> [Problem to solve] Give back exactly the lines starting at the one with "Grande área de" and ending at the last line of the data below. Pictures are not part of the copy.

> [Source material]
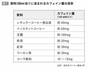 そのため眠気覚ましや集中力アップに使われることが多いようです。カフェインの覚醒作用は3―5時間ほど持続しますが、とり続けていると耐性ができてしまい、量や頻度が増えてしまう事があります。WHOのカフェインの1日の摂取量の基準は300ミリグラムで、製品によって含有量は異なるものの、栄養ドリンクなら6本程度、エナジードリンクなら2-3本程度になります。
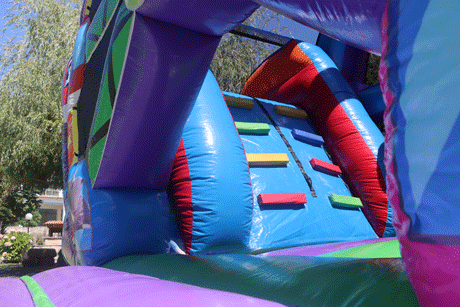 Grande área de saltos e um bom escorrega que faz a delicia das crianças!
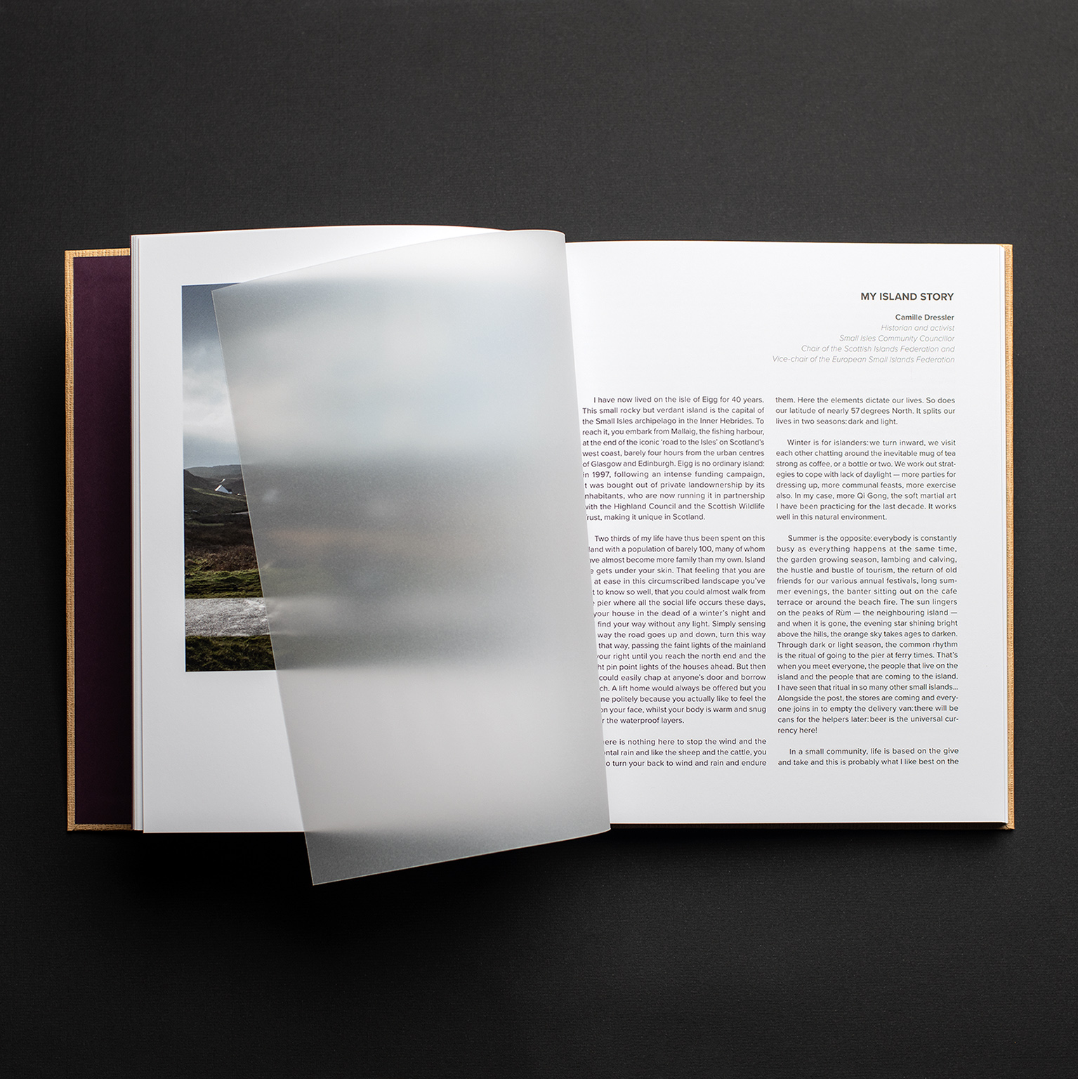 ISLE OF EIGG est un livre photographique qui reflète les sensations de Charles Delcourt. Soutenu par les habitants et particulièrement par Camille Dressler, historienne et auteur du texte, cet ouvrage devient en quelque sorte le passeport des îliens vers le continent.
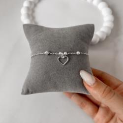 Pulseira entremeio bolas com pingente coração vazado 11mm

> [Result]
 Grande área de saltos e um bom escorrega que faz a delicia das crianças!
 ISLE OF EIGG est un livre photographique qui reflète les sensations de Charles Delcourt. Soutenu par les habitants et particulièrement par Camille Dressler, historienne et auteur du texte, cet ouvrage devient en quelque sorte le passeport des îliens vers le continent.
 Pulseira entremeio bolas com pingente coração vazado 11mm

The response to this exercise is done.